● **Exercise aim**
Transcribe, word for word and without additions, each line below from the one containing "而我们用name作为过滤条件" through the one containing "This vibrant farmers", both ends included.

● **Records for this task**
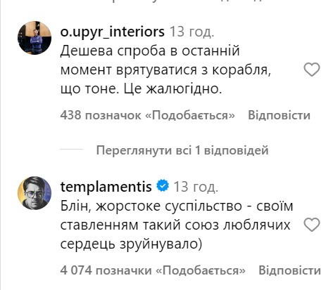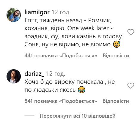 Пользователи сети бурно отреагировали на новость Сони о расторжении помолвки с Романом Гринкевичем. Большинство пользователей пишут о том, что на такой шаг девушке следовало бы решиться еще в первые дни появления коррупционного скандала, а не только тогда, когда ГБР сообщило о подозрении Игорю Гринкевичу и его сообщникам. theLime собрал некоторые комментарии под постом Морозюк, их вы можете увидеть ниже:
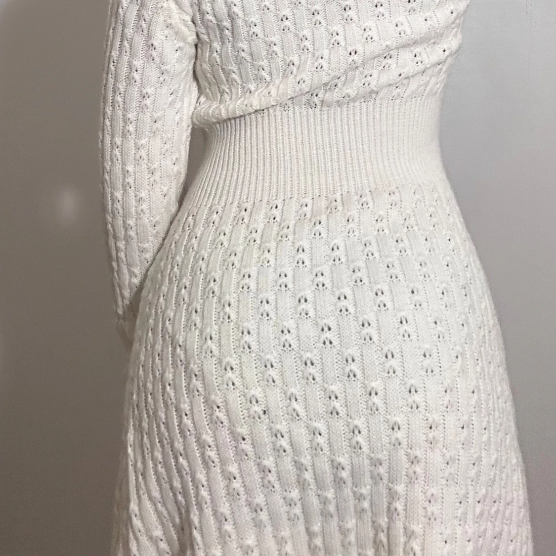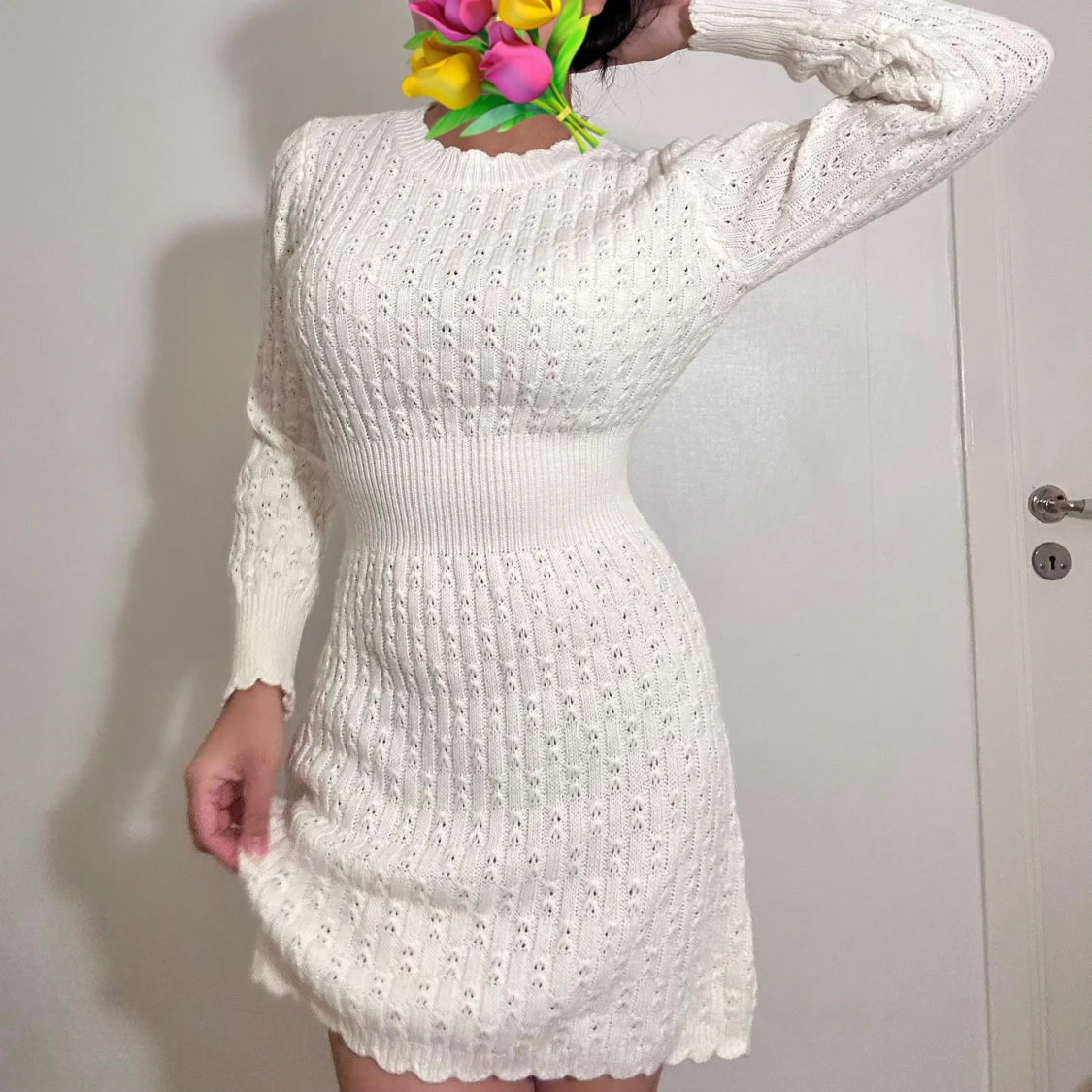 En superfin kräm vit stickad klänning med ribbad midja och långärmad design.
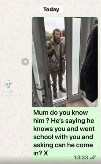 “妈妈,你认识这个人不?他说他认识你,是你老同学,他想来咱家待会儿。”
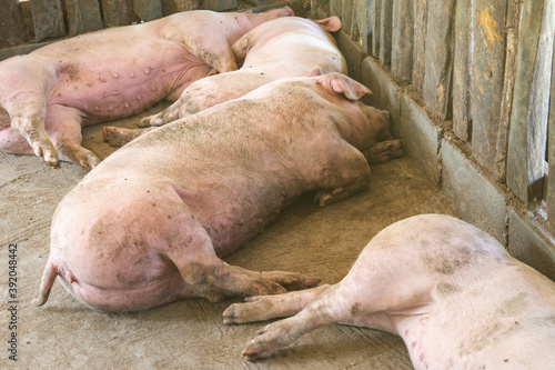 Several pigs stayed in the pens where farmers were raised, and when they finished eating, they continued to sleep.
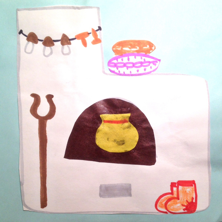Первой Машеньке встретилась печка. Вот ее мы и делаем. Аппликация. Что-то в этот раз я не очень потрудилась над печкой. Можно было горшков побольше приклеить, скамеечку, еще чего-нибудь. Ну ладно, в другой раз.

--

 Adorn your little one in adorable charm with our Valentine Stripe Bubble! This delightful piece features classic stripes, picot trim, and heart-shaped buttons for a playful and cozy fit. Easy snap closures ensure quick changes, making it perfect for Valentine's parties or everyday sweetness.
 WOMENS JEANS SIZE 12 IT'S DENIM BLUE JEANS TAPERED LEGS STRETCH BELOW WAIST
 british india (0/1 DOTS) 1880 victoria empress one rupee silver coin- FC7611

...

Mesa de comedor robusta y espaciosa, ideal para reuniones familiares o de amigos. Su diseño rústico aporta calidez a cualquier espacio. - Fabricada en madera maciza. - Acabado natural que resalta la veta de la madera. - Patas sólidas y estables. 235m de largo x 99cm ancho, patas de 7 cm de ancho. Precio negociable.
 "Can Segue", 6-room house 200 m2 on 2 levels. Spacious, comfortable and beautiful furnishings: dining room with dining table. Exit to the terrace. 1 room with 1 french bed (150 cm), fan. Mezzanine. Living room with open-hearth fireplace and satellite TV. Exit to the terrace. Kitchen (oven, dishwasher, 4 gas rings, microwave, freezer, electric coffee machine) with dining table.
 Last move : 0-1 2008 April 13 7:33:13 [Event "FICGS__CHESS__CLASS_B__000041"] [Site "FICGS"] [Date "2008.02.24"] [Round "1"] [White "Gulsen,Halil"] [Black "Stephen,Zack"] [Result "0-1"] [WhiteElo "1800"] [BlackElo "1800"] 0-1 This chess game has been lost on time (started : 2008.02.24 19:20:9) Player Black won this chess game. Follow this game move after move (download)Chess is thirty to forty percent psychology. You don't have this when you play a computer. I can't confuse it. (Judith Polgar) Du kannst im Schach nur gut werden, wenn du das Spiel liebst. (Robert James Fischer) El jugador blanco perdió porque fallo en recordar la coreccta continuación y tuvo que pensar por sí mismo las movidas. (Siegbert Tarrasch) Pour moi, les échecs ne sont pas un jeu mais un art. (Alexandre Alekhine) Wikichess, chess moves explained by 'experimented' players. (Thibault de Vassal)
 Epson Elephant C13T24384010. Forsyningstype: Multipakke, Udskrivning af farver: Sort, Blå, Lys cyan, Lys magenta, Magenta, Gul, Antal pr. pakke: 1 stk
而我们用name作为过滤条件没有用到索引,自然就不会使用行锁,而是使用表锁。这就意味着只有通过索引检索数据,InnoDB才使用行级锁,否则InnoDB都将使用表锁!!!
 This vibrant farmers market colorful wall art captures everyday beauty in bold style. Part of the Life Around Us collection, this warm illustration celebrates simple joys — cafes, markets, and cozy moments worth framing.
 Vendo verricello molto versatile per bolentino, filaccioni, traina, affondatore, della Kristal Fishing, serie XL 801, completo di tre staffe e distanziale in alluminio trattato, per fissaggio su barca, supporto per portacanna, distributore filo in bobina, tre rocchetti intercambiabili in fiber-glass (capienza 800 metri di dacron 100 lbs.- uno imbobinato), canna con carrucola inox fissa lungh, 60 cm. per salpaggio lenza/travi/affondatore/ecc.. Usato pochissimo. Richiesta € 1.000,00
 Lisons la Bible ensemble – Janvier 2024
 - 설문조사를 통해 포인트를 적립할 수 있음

● **Solution**
而我们用name作为过滤条件没有用到索引,自然就不会使用行锁,而是使用表锁。这就意味着只有通过索引检索数据,InnoDB才使用行级锁,否则InnoDB都将使用表锁!!!
 This vibrant farmers market colorful wall art captures everyday beauty in bold style. Part of the Life Around Us collection, this warm illustration celebrates simple joys — cafes, markets, and cozy moments worth framing.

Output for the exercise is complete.